» **GIVEN DATA**
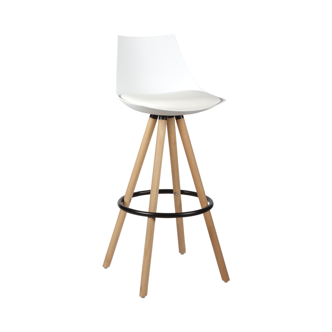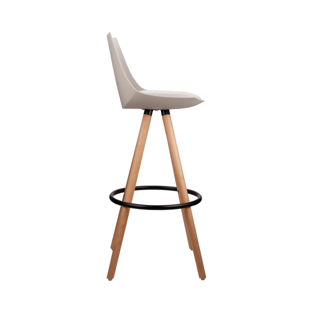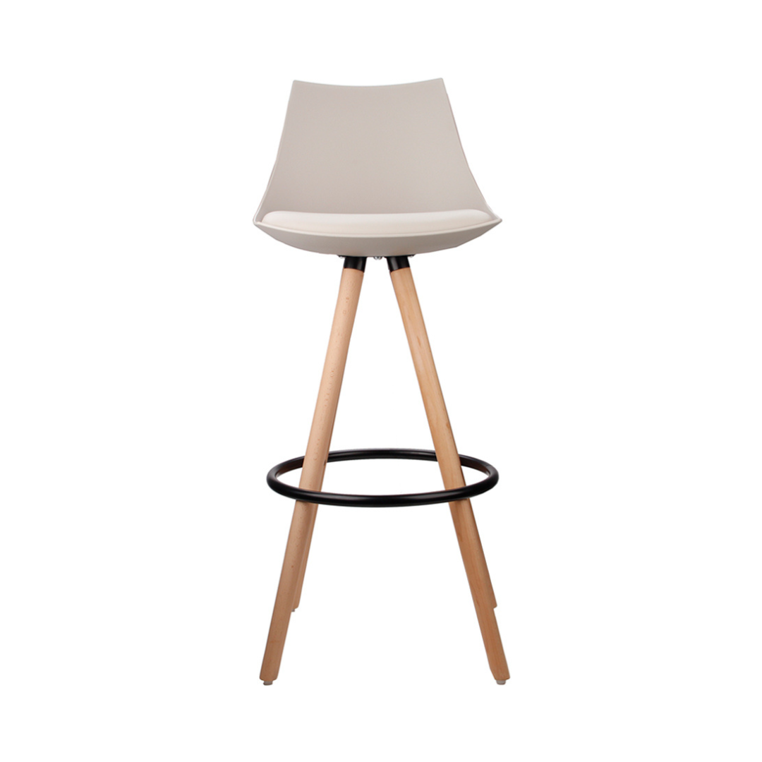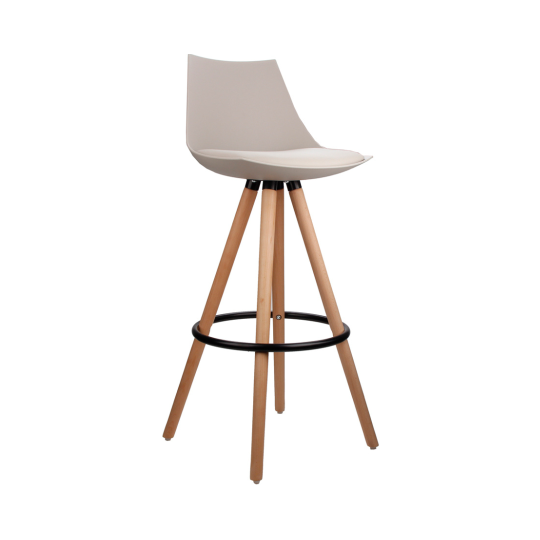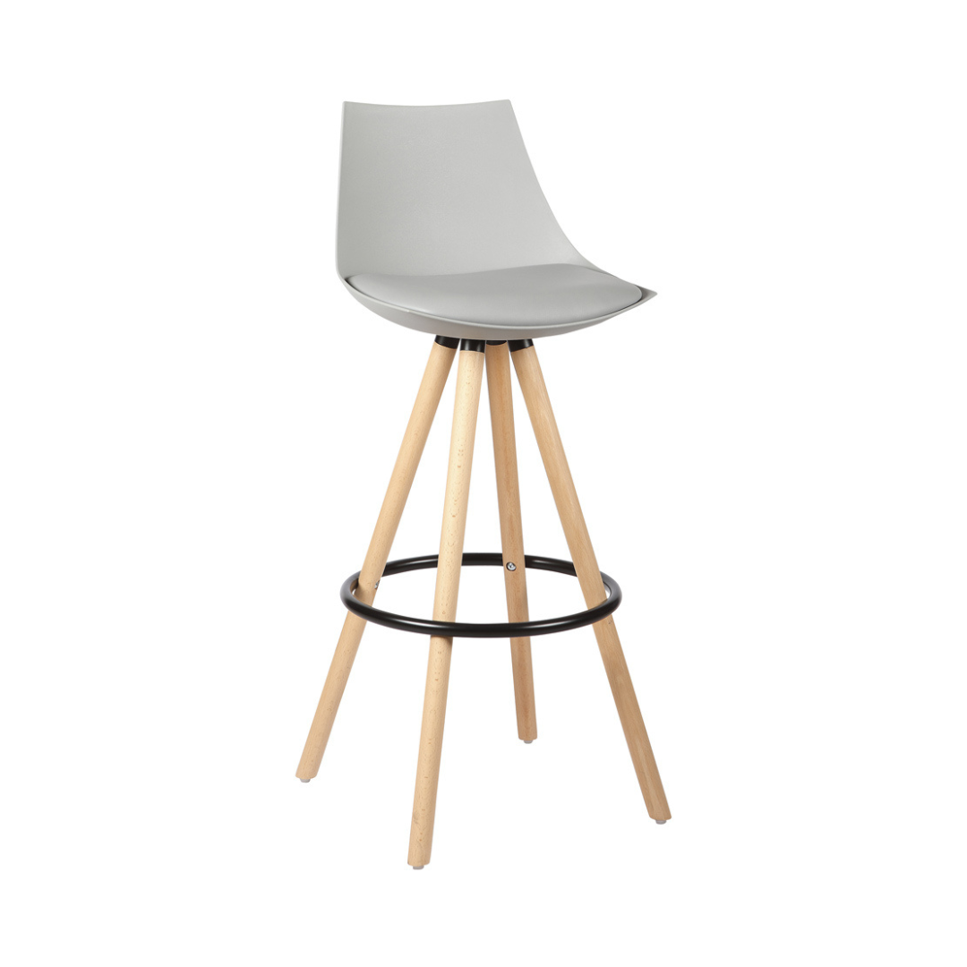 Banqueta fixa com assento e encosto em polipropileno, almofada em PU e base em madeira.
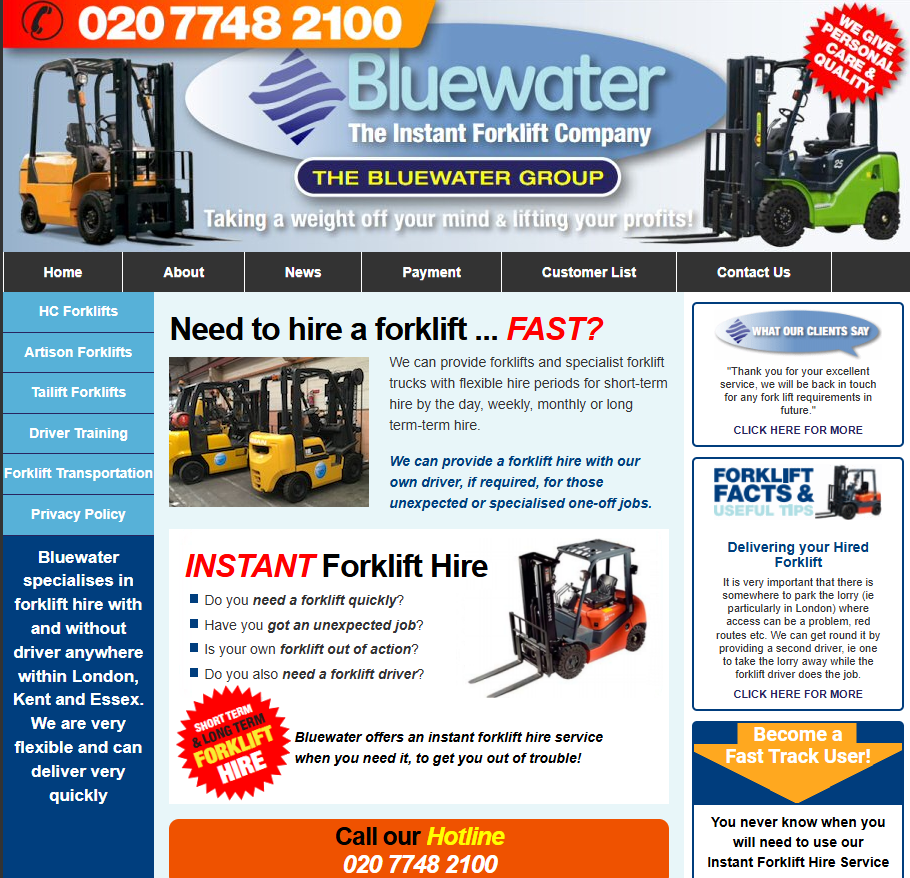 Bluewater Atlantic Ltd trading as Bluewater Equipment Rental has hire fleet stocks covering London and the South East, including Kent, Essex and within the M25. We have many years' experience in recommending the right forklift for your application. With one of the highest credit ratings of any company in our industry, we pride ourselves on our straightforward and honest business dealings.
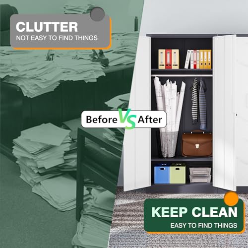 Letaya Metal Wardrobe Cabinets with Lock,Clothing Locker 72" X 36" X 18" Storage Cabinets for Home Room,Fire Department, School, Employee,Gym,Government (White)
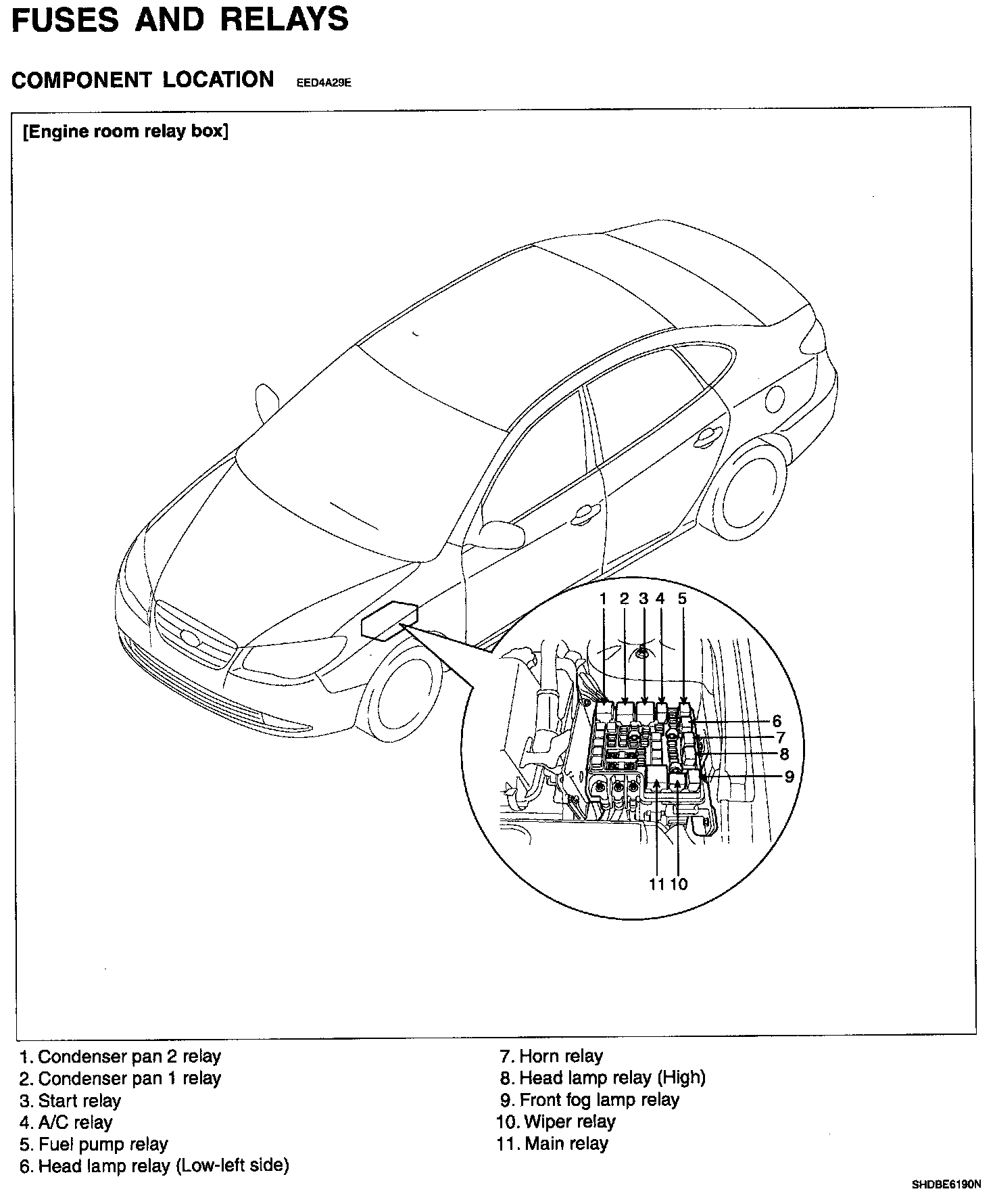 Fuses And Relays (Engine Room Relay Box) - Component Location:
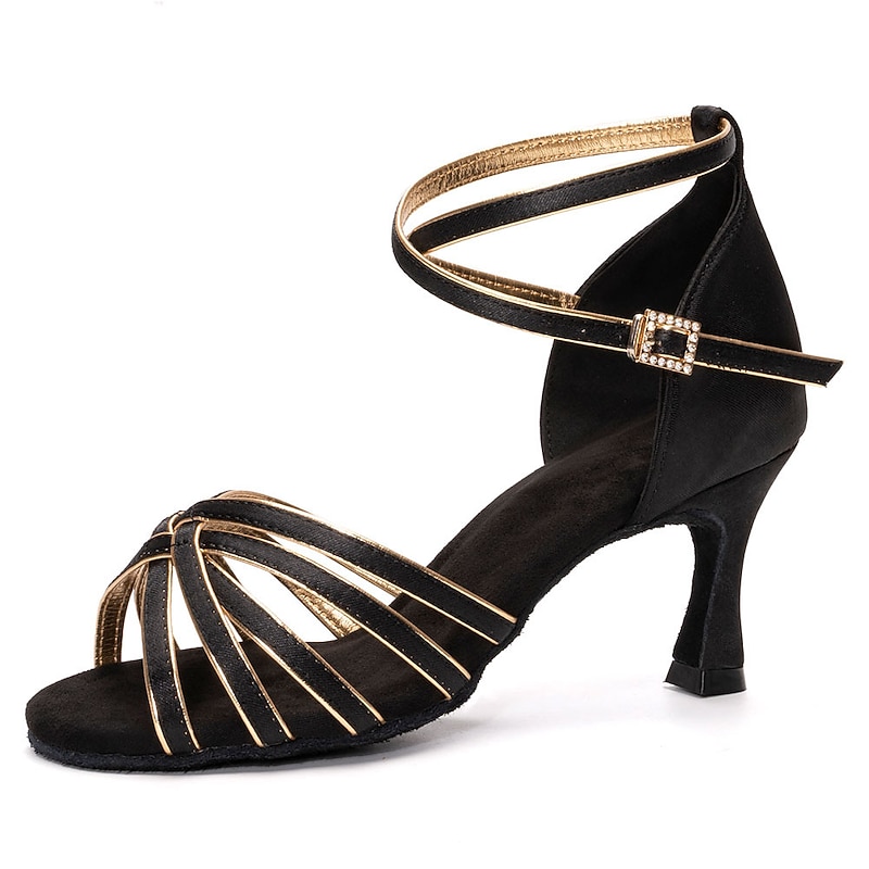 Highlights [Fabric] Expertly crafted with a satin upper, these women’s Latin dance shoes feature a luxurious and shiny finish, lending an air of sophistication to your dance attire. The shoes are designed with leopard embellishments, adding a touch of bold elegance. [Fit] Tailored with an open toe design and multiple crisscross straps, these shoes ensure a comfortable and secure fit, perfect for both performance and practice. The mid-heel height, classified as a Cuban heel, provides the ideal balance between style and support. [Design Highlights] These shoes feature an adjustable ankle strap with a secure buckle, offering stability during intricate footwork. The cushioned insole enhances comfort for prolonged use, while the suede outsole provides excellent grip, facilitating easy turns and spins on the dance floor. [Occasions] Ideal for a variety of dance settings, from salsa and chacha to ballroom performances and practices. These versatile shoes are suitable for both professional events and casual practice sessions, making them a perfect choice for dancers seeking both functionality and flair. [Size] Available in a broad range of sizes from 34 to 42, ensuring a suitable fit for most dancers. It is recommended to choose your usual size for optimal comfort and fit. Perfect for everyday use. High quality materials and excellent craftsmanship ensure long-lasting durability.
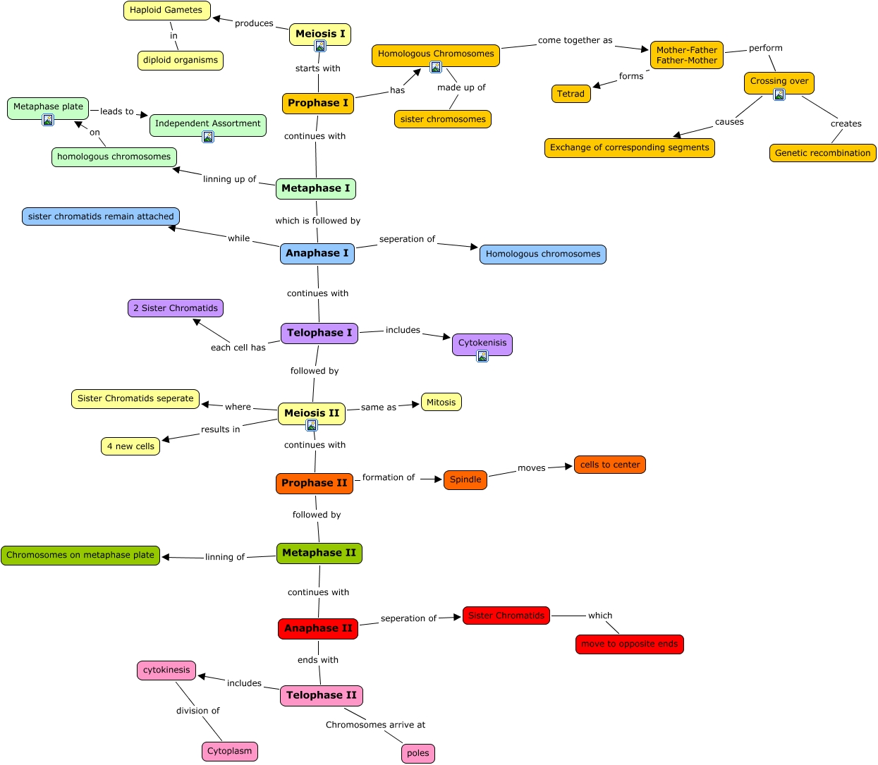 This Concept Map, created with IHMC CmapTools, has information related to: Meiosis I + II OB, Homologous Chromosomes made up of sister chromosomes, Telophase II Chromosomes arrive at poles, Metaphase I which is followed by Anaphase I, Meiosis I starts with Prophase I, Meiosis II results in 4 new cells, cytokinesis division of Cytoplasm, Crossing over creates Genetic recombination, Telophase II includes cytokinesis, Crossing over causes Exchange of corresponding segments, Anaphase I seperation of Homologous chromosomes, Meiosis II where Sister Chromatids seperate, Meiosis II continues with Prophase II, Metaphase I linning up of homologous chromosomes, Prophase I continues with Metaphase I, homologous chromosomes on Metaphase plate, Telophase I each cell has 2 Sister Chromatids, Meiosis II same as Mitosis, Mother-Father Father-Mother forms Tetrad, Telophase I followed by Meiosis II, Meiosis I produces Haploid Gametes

» **WHAT IS EXPECTED**
Print every line of the data exactly. Pictures do not belong in the copy.

» **EXERCISE ANSWER**
 Banqueta fixa com assento e encosto em polipropileno, almofada em PU e base em madeira.
 Bluewater Atlantic Ltd trading as Bluewater Equipment Rental has hire fleet stocks covering London and the South East, including Kent, Essex and within the M25. We have many years' experience in recommending the right forklift for your application. With one of the highest credit ratings of any company in our industry, we pride ourselves on our straightforward and honest business dealings.
 Letaya Metal Wardrobe Cabinets with Lock,Clothing Locker 72" X 36" X 18" Storage Cabinets for Home Room,Fire Department, School, Employee,Gym,Government (White)
 Fuses And Relays (Engine Room Relay Box) - Component Location:
 Highlights [Fabric] Expertly crafted with a satin upper, these women’s Latin dance shoes feature a luxurious and shiny finish, lending an air of sophistication to your dance attire. The shoes are designed with leopard embellishments, adding a touch of bold elegance. [Fit] Tailored with an open toe design and multiple crisscross straps, these shoes ensure a comfortable and secure fit, perfect for both performance and practice. The mid-heel height, classified as a Cuban heel, provides the ideal balance between style and support. [Design Highlights] These shoes feature an adjustable ankle strap with a secure buckle, offering stability during intricate footwork. The cushioned insole enhances comfort for prolonged use, while the suede outsole provides excellent grip, facilitating easy turns and spins on the dance floor. [Occasions] Ideal for a variety of dance settings, from salsa and chacha to ballroom performances and practices. These versatile shoes are suitable for both professional events and casual practice sessions, making them a perfect choice for dancers seeking both functionality and flair. [Size] Available in a broad range of sizes from 34 to 42, ensuring a suitable fit for most dancers. It is recommended to choose your usual size for optimal comfort and fit. Perfect for everyday use. High quality materials and excellent craftsmanship ensure long-lasting durability.
 This Concept Map, created with IHMC CmapTools, has information related to: Meiosis I + II OB, Homologous Chromosomes made up of sister chromosomes, Telophase II Chromosomes arrive at poles, Metaphase I which is followed by Anaphase I, Meiosis I starts with Prophase I, Meiosis II results in 4 new cells, cytokinesis division of Cytoplasm, Crossing over creates Genetic recombination, Telophase II includes cytokinesis, Crossing over causes Exchange of corresponding segments, Anaphase I seperation of Homologous chromosomes, Meiosis II where Sister Chromatids seperate, Meiosis II continues with Prophase II, Metaphase I linning up of homologous chromosomes, Prophase I continues with Metaphase I, homologous chromosomes on Metaphase plate, Telophase I each cell has 2 Sister Chromatids, Meiosis II same as Mitosis, Mother-Father Father-Mother forms Tetrad, Telophase I followed by Meiosis II, Meiosis I produces Haploid Gametes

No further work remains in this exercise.